Explanation: Deleting a missing key is a no-op and does not create a record. Only the put for 'z' is stored.

Solution

def solution(shard_size, operations):
    shards = []
    index = {}
    get_results = []

    def append_record(record):
        if not shards or len(shards[-1]) + len(record) > shard_size:
            shards.append(record)
        else:
            shards[-1] += record

    def rebuild_index():
        restored = {}
        for shard in shards:
            for part in shard.split(';')[:-1]:
                if not part:
                    continue
                if part.startswith('P|'):
                    pieces = part.split('|', 2)
                    if len(pieces) == 3:
                        _, key, value = pieces
                        restored[key] = value
                elif part.startswith('D|'):
                    pieces = part.split('|', 1)
                    if len(pieces) == 2:
                        _, key = pieces
                        restored.pop(key, None)
        return restored

    for op in operations:
        kind = op[0]

        if kind == 'put':
            _, key, value = op
            record = f'P|{key}|{value};'
            append_record(record)
            index[key] = value

        elif kind == 'get':
            _, key = op
            get_results.append(index.get(key))

        elif kind == 'delete':
            _, key = op
            if key in index:
                record = f'D|{key};'
                append_record(record)
                index.pop(key, None)

        elif kind == 'shutdown':
            pass

        elif kind == 'restore':
            index = rebuild_index()

        else:
            raise ValueError('Unknown operation: ' + str(kind))

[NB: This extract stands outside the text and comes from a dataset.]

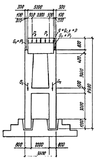 Черт. 37. Расчетная схема и нагрузки на сборный подколонник Таблица 13
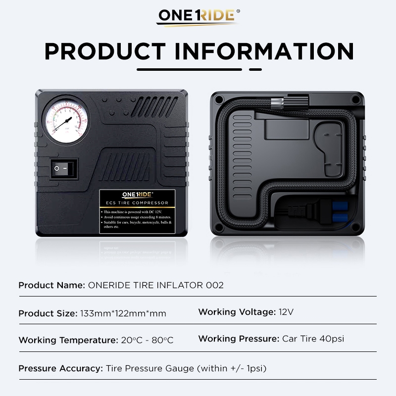 ONERIDE TI002 Tyre Pump Tire Inflator Portable Pam EC5 Air Compressor

    return (get_results, shards)

Time complexity: O(total_bytes_written + total_bytes_scanned_on_restore). Space complexity: O(total_bytes_in_shards + number_of_live_keys).

Hints

Use an in-memory hash map for the current state so that each get is O(1) on average.
Treat the shard contents as an append-only log. On restore, replay records from the first shard to the last; the latest record for a key wins.

Quick Overview

This question evaluates understanding of persistent storage and file-based sharding, including on-disk layout, record serialization, indexing strategies for locating the latest value per key, shard rollover, and recovery from partial or corrupt tails.